Besides the professionalization and the structure of the theater, the company innovated by combining entertainment and culture, worrying about income and box office, and training actors to focus on the show and submit to the director's scenic direction.

== Current status ==
At the end of 2008, the National Arts Foundation (Fundação Nacional de Artes - Funarte) decided to expropriate the building for renovation. At the time, the project was expected to cost between R$1.5 million and R$2 million. Sérgio Mamberti, then president of Funarte, stated to the Folha de S. Paulo newspaper that structural work would begin in 2010. It was also reported that the institution had executed de-ratification and decupinization projects. The article revealed that there were puddles of water, a lack of electricity, lighting, rubble and expired fire extinguishers inside the theater.

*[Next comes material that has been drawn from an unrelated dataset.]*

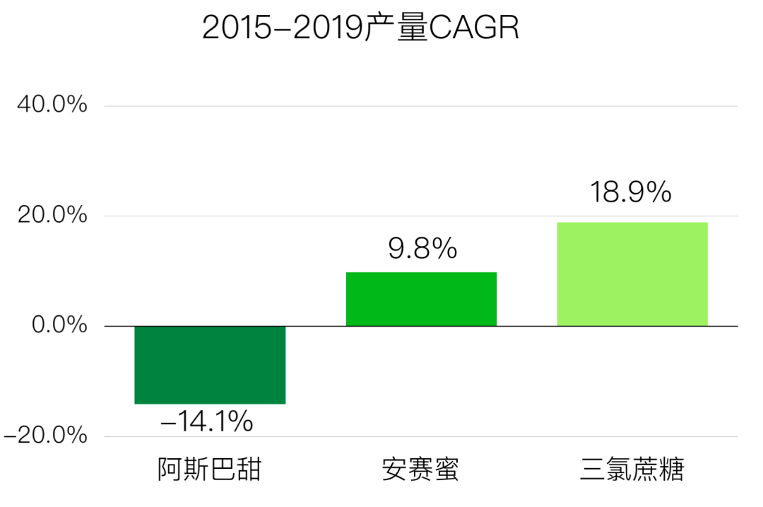 阿斯巴甜依然在全球代糖市场份额占比两成左右,但因为代谢产物已被证明对人体有一定危害,近5年的复合增速保持在接近于-15%。目前安赛蜜和三氯蔗糖在因为相对安全而在高速增长,近5年的复合增速保持在接近20%和10%。由于单价原因,三氯蔗糖的产值显著高, 目前已经超过了上一代王者阿斯巴甜,成为了产值第一。

At the time, Funarte was subject to a lawsuit filed by businesswoman Magnólia do Lago, owner of the property between 1982 and 2008, who claimed to have rights to the "Teatro Brasileiro de Comédia" and "TBC" brands and demanded almost R$7 million in compensation from the organization. In February 2013, Funarte promised to reopen the theater in October of that year and announced a new investment of R$13 million in renovating the structure. In 2017, the Ministry of Culture announced that the theater would be granted to the private sector by the end of the year.

=== Revitalization by SESC ===
In 2022, the building was acquired by SESC under a 35-year special assignment contract. The plan involved establishing a SESC unit on the site with a wide range of services and programs offered by the institution throughout the state. SESC committed to presenting an architectural project in two years and to completing the work required to operate the space in another six years.